§ Exercise instructions
With the pictures left out, write out exactly the lines of the listing below that run from the line with "Le maillot du" through the line with "Elegantní rohová sedací".

§ Records shown
==============================

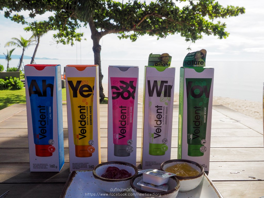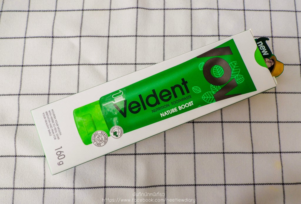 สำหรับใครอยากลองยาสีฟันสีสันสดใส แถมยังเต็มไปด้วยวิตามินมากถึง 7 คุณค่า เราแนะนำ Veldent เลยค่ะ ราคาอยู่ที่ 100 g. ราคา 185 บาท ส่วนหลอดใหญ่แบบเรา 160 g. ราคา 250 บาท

==============================

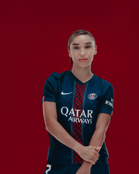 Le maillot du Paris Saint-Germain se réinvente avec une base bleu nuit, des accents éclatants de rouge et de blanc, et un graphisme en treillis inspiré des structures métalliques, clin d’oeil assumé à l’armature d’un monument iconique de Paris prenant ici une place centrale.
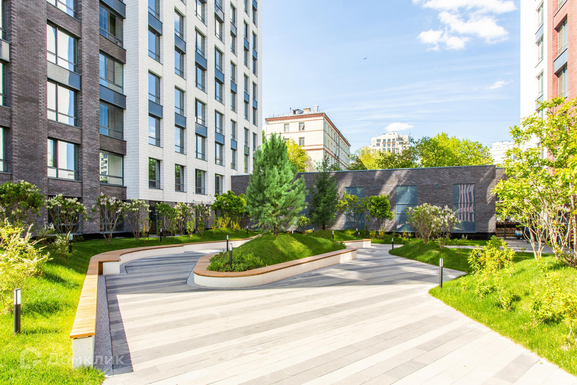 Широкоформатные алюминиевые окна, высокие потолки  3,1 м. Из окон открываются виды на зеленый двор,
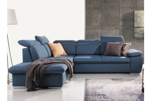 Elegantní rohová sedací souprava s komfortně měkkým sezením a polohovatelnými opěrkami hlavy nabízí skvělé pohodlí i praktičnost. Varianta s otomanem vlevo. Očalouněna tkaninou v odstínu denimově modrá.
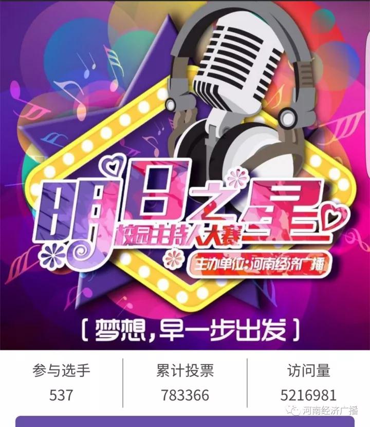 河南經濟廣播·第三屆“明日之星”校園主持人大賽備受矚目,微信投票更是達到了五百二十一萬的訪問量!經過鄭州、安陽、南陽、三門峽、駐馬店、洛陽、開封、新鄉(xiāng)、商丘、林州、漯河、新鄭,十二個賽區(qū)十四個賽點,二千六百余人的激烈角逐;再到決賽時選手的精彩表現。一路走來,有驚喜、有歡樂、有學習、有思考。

==============================

§ Answer to this task
 Le maillot du Paris Saint-Germain se réinvente avec une base bleu nuit, des accents éclatants de rouge et de blanc, et un graphisme en treillis inspiré des structures métalliques, clin d’oeil assumé à l’armature d’un monument iconique de Paris prenant ici une place centrale.
 Широкоформатные алюминиевые окна, высокие потолки  3,1 м. Из окон открываются виды на зеленый двор,
 Elegantní rohová sedací souprava s komfortně měkkým sezením a polohovatelnými opěrkami hlavy nabízí skvělé pohodlí i praktičnost. Varianta s otomanem vlevo. Očalouněna tkaninou v odstínu denimově modrá.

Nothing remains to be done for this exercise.